I bring my face closer to the wall. I find several new words even fainter, duk duches priz guam, 1710 and then, het kerkhof der europeanen. The final ones are scratched even deeper, kersd be wornd. Finally, the lantern goes completely out and I’m plunged into darkness.
I awake next morning as Constable Kelly bangs on the door and swings it open. ‘It’s Saturday,’ he announces cheerily as if it is my birthday. ‘My Ned said he’d come and visit you today if you’d like that?’
‘Yes, please,’ I reply eagerly. Someone to talk to. At last.
‘Anything you’d like him to bring?’
I glance at the wall, remembering last night. ‘An atlas would be good. Could I borrow one of those?’ There is something about the words and the map on the wall that interests me. Of course they interest me. I’ve read Treasure Island, lots of times. It is my favourite book ever, so I know all about maps and treasure. Could this be a treasure map? I suspect so. I sure hope so.
‘We have a Webster’s Encyclopedia at home with a lot of maps in the back. Will that do?’ asks Constable Kelly.
Around lunchtime, Ned arrives carrying the fat, brown encyclopedia, a packet of sandwiches and some biscuits his mum made. He stays for about an hour, telling me about school. ‘Red, you are the hero of the whole school for sorting out Brother Christian. It is all anyone has talked about, all week. How you nearly killed him.’
I look at him, surprised. I suppose the news got around the school pretty quickly.
‘Red, can you tell me?’ he asks. ‘They say you were really going to kill him. That you picked up a chair and smashed it over his head. They say that you were so angry that if you had had a knife, you would have gutted him from head to toe. They say you have a Colt pistol in your locker but couldn’t get to it in time, or you would have shot him six times!’ he says, getting more and more animated.

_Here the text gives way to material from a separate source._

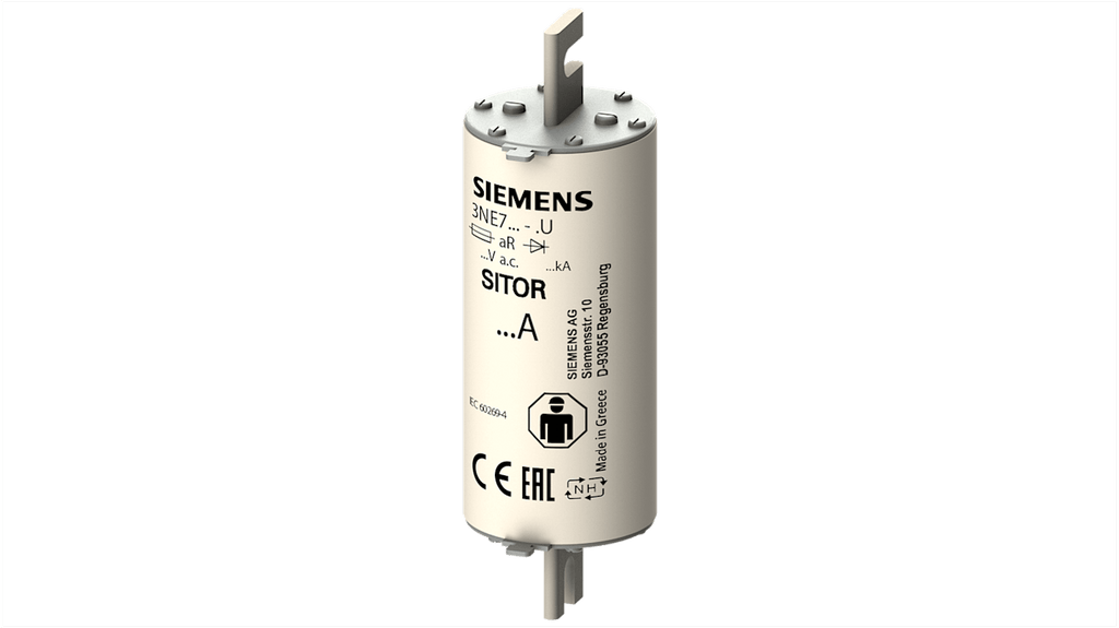 Fusibile con linguette ad asola, Siemens, 710A, fusibile NH3, categoria aR 2kV. Collegamento fusibile SITOR con contatti a lama, scollegamento ultra-rapido, ottima protezione per sistemi UPS e soft starter per motori. Specifiche: amperaggio 710A, dimensione fusibile NH3, tensione nominale 2kV, categoria di applicazione aR.

‘Yes, and I would have stopped, reloaded and shot him six more times,’ I reply, not at all seriously. ‘If you had seen what he did to poor little Albert Thomas, you would have done the same. Your Uncle Ned, the bushranger, would have been proud of you if you had.’
‘Er, Ned was not really my uncle,’ he says, sheepishly. ‘I just tell everyone he was. My uncle is Syd.’
‘Does he wear a bucket on his head, like the real Ned?’ I laugh.
‘Well, yes, he did once,’ he replies, starting to giggle. ‘He’s a dunny cart man, and last year he tripped off his cart and landed headfirst in a poo pan. And it was full.’
We both laugh uproariously at the thought of it until Constable Kelly comes to the door. ‘What’s this, Ned, are you telling Red about your Uncle Syd? Nothing else in the whole world could be that funny. Poor blighter.’
But then Constable Kelly starts laughing as well. It sure must have been a sight to see.